« Il y a des choses que je n’ai pas vécues.
Mais qui m’ont quand même laissé un arrière-goût de trop plein. »
Il est là,
tapissé sous la langue.
Un goût subtil, amer, obsédant.
Pas une défaite.
Pas une perte.
Un presque.
Le goût du message que tu allais envoyer…
et puis non.
Du regard que tu as croisé une seconde de trop.
De l’aveu retenu pour de “bonnes raisons”.
De ce baiser suspendu, à jamais stocké dans un coin du corps.
Tu ne l’as pas eu.
Tu ne l’as pas vécu.
Mais tu y penses encore.
Il n’y a pas de tombe pour les presque.
Pas de rituel de deuil.
Alors ils vivent.
Ils vivent en creux.
Dans le corps.
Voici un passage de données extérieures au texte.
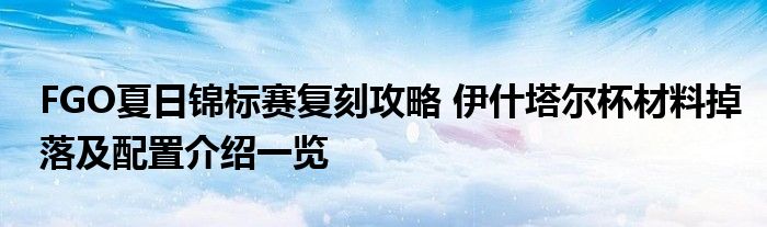 以上就是關于FGO伊什塔爾杯材料掉落及配置介紹一覽,小伙伴們你可以根據以上方法來參與活動,希望以上攻略能給玩家們帶來一定的幫助,關于更多FGO活動攻略請關注當游網。
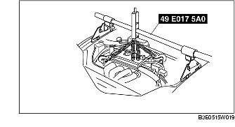 3. Tighten the SST (49 E017 5A0) so that the engine is located at the specified position.
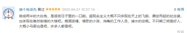 “掰成兩半的大白兔,是艱苦日子里的一口甜。超現(xiàn)實(shí)主義大概不只體現(xiàn)在天上的飛船,騰空而起的紀(jì)念碑,也體現(xiàn)在轟然倒塌的大樓吧。煙酒茶糖,唱歌的小孩,消毒的工作人員,接水的空瓶。不只韓三明是好人,大概小馬哥也是吧,許多人都是吧。”
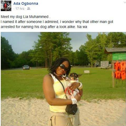 Facebook user, Ada Ogbonna shared this on her wall some hours ago. She says she named the dog after someone she admires.

Dans les gestes.
Dans la manière que tu as de ne pas rappeler.
Dans les lieux que tu évites sans raison claire.
Dans les mots que tu répètes, mais qui ne veulent plus rien dire.
Le presque, c’est cette relation qui aurait pu…
Mais qui n’a pas.
Parce que les horaires ne s’alignaient pas.
Parce que l’un des deux avait encore peur.
Parce que le silence s’est installé avant l’élan.
Et maintenant ?
Tu réécoutes cette chanson.
Tu relis ce mail jamais envoyé.
Tu revis cette nuit… qui n’a pas eu lieu.
On ne guérit pas du presque.
Parce qu’il n’y a pas eu de blessure franche.
Seulement une égratignure anticipée.
Une caresse mentale.
Un frisson interrompu.
Cobra se souvient d’un café.
D’un regard.
D’un éclat de rire trop court.
Et surtout,
du moment où il a choisi de ne pas dire ce qu’il pensait.
Il aurait pu.
Mais une petite voix — cynique, prudente, fatiguée — a murmuré :
“À quoi bon ?”
Et le monde a continué.
Sans fracas.
Mais avec une fêlure imperceptible, là, juste au centre du réel.
Il existe des presque-besoins,
des presque-vérités,
des presque-désirs.
Ils flottent autour de nous comme des fantômes polis.
Ils ne font pas de bruit.
Mais ils ne partent jamais.
Dans un tiroir mental, Cobra conserve un carnet invisible.
Chaque page y est dédiée à une phrase qu’il n’a pas prononcée.
Des choses banales, pourtant :
“Je t’attendais.”
“Tu m’as manqué.”
“Je crois que je ressens quelque chose.”
Rien d’exceptionnel.
Mais chacune aurait pu ouvrir un monde.
Et pourtant,
elles sont restées là,
comme des graines sans terre.
Le goût du presque, c’est aussi celui de ces décisions non prises :
– Ce voyage annulé.
– Ce projet rangé dans un dossier “à voir plus tard”.
– Cette main qu’on n’a pas prise.
– Cette colère qu’on a polie au lieu de la crier.
Mais ce goût-là…
ce n’est pas que de l’amertume.
C’est aussi du sucre.
Oui.
Car dans chaque presque, il y avait du possible.
Quelque chose qui vibrait.
Et Cobra le sait :
ce sont souvent ces vibrations inabouties
qui donnent au présent sa texture singulière.
Alors il ne regrette pas.
Pas vraiment.
Mais il se souvient.
Avec une fidélité étrange.
Une tendresse maladroite.
“Le presque, dit-il,
c’est l’histoire que je n’ai pas vécue…
mais que je me raconte tous les soirs.”
Et peut-être que c’est ça, être vivant :
savoir que certaines choses n’auront jamais lieu —
mais continuer à les goûter quand même.
— C.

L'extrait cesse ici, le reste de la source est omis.